### Problem to solve
Return the listing below exactly as it stands. Pictures stay out.

### Data excerpt
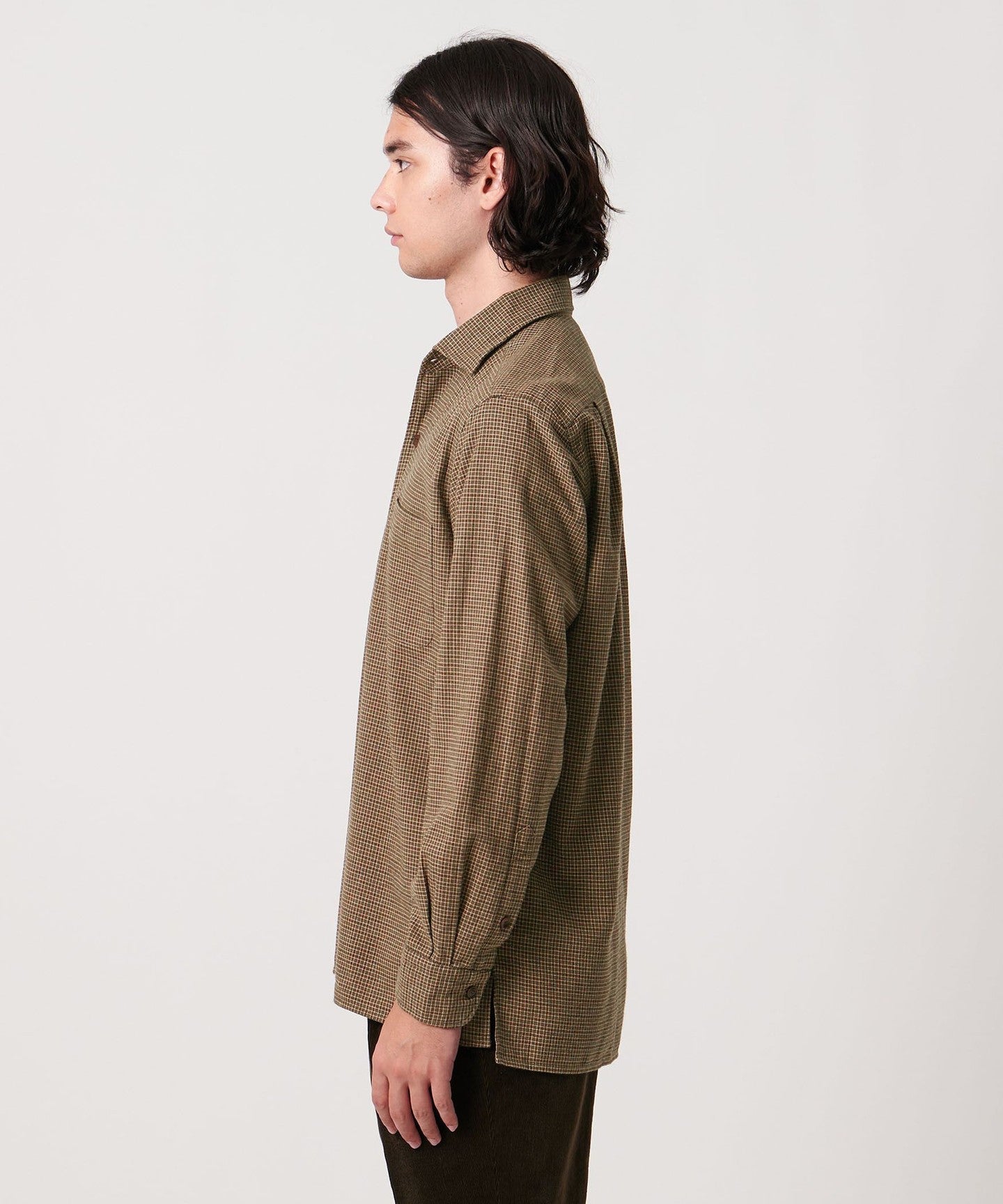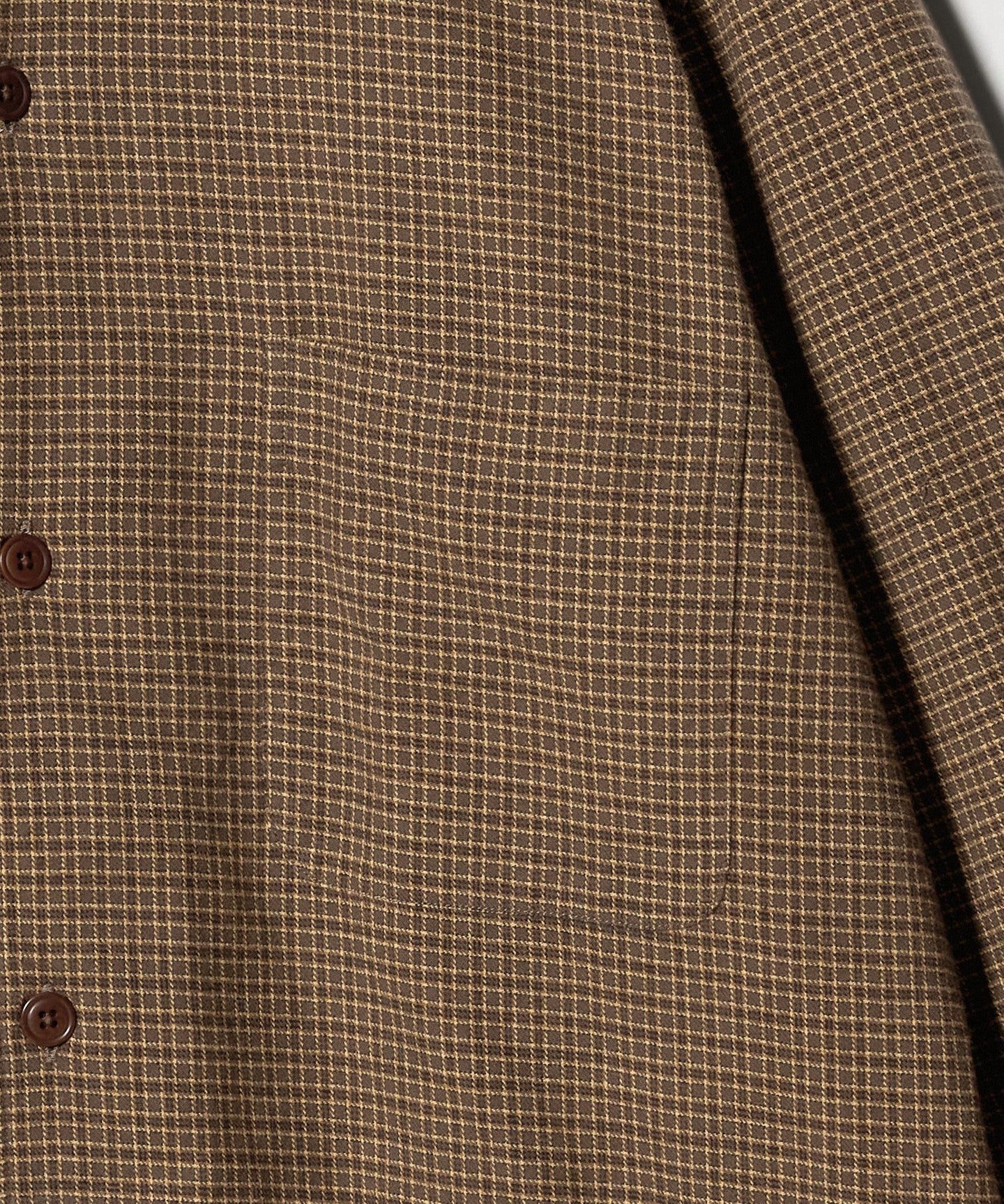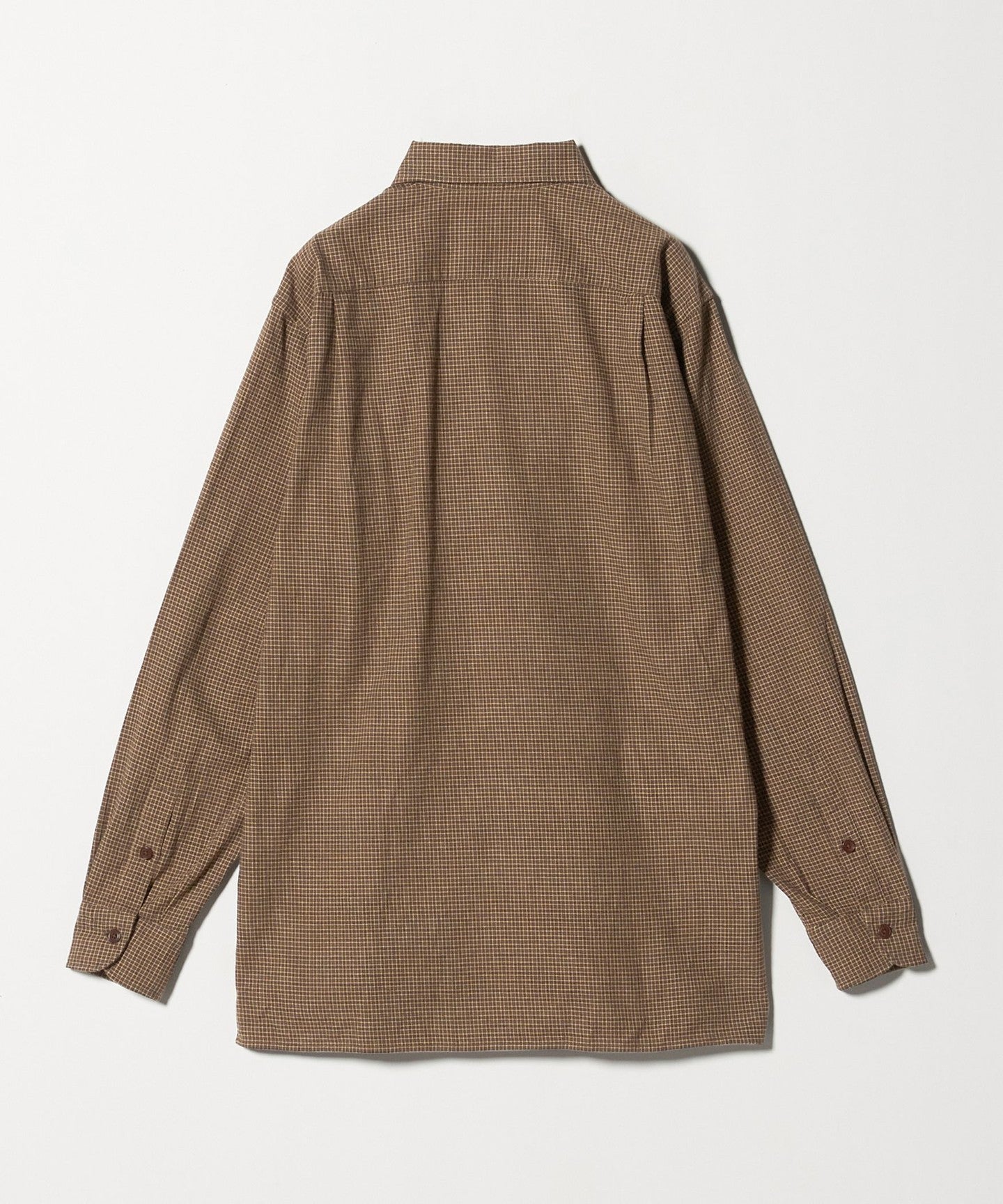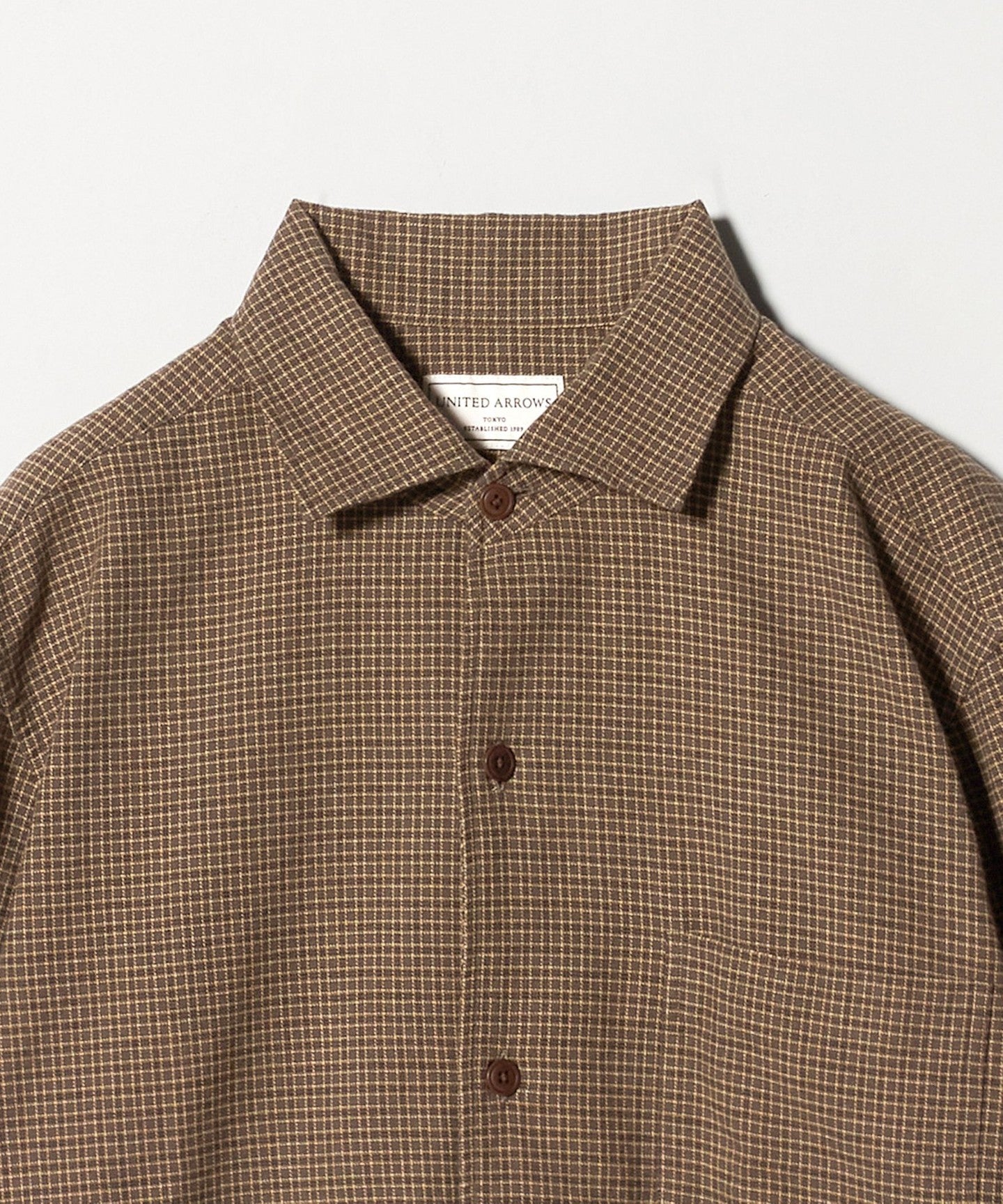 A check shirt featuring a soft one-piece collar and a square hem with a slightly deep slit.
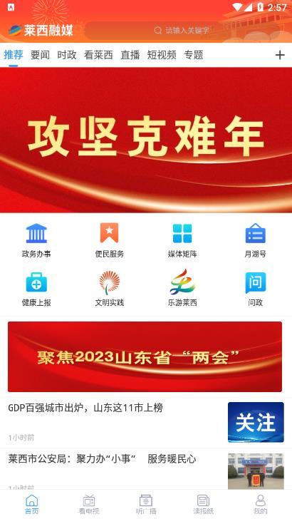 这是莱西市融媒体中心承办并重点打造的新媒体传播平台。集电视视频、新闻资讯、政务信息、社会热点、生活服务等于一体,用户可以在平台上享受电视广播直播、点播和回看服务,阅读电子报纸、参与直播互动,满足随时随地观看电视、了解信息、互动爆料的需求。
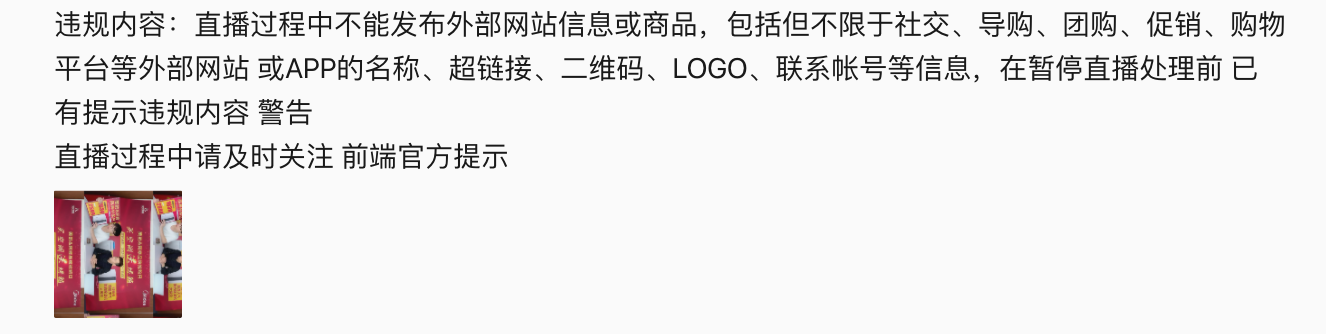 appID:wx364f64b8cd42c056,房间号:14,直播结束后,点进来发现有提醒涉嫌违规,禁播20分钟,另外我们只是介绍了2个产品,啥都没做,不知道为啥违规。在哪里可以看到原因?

### Reply
 A check shirt featuring a soft one-piece collar and a square hem with a slightly deep slit.
 这是莱西市融媒体中心承办并重点打造的新媒体传播平台。集电视视频、新闻资讯、政务信息、社会热点、生活服务等于一体,用户可以在平台上享受电视广播直播、点播和回看服务,阅读电子报纸、参与直播互动,满足随时随地观看电视、了解信息、互动爆料的需求。
 appID:wx364f64b8cd42c056,房间号:14,直播结束后,点进来发现有提醒涉嫌违规,禁播20分钟,另外我们只是介绍了2个产品,啥都没做,不知道为啥违规。在哪里可以看到原因?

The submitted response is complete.